Or via uvicorn directly:

```bash
uvicorn main:app --port 8080
```

> **Exposing to the internet:** If you need to make your local MCP server publicly accessible (e.g. for Claude.ai or testing from another machine), you can use [ngrok](https://ngrok.com/):
> ```bash
> ngrok http 8080 --domain=your-domain.ngrok.app
> ```
> Update `MCP_ISSUER_URL` and `GOOGLE_MCP_CALLBACK_URL` in your `.env` to match the ngrok URL.

### 5. Connect from Claude

**Claude.ai** (Pro/Max/Team/Enterprise) — go to **Customize → Connectors → Add custom connector** and paste your MCP server URL. Either format works:
- `https://your-domain.ngrok.app/mcp/`
- `https://your-domain.ngrok.app/`

First use opens your browser for Google sign-in. No tokens in config files.

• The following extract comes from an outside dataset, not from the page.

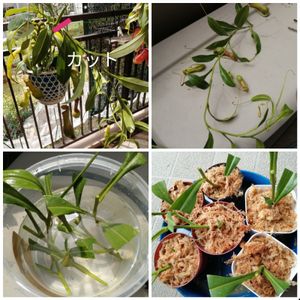 ネペンテス アラタ狂氣令嬢「ヒスイ」の挿し木 温かくなったので少し早いけど挿し木にトライ! ↖️伸びた茎をカット ↗️葉っぱの半分以上をカット(捕虫袋なくなります😢) ↙️発芽点がある葉の付け根を残し何本かにカット。メネデール水にどぼん。 ↘️鹿沼土に挿し乾燥防止のため上にミズゴケ。 しばらくは部屋の中で腰水、プラスチックのカバーをかけて保湿。発根して欲しいなぁ😆~

> **Advanced:** You can also connect via Claude Desktop or Claude Code by adding the server to your MCP config. See [Claude MCP docs](https://modelcontextprotocol.io/quickstart/user) for details.

---

## Project Structure

```
├── pyproject.toml           # Package definition — pip install mcp-google-oauth
├── main.py                  # Your MCP server — define tools here
├── .env.example             # Template for credentials
│
├── mcp_auth/                # Installable auth package
│   ├── __init__.py          # create_mcp_app() + MCPAuthConfig
│   ├── cli.py               # mcp-google-oauth CLI entrypoint
│   ├── database.py          # SQLAlchemy engine + session
│   ├── models.py            # OAuth token tables (auto-created)
│   ├── oauth_provider.py    # Google OAuth 2.0 provider
│   ├── middleware.py        # Path rewrite fix for mcp-remote
│   ├── routes.py            # /google/callback, /health
│   └── example_main.py     # Starter template
│
└── docs/
    └── architecture.md      # Detailed diagrams (OAuth flow, data model, security)
```

---

## Configuration

### Environment Variables

| Variable | Required | Description |
|---|---|---|
| `GOOGLE_CLIENT_ID` | Yes | From Google Cloud Console |
| `GOOGLE_CLIENT_SECRET` | Yes | From Google Cloud Console |
| `GOOGLE_MCP_CALLBACK_URL` | Yes | `https://your-domain/google/callback` |
| `MCP_ISSUER_URL` | Yes | `https://your-domain/mcp` |
| `SESSION_SECRET` | Yes | Random hex string for signing sessions |
| `ALLOWED_DOMAIN` | No | Restrict to a Google Workspace domain (e.g. `yourcompany.com`) |
| `DATABASE_URL` | No | Default: `sqlite:///./local.db` |

> **Why a database?** The database only stores OAuth access and refresh tokens. It does not store any application data. Tables are auto-created on startup. If the database is deleted, users simply re-authenticate with Google on their next request — no data is lost.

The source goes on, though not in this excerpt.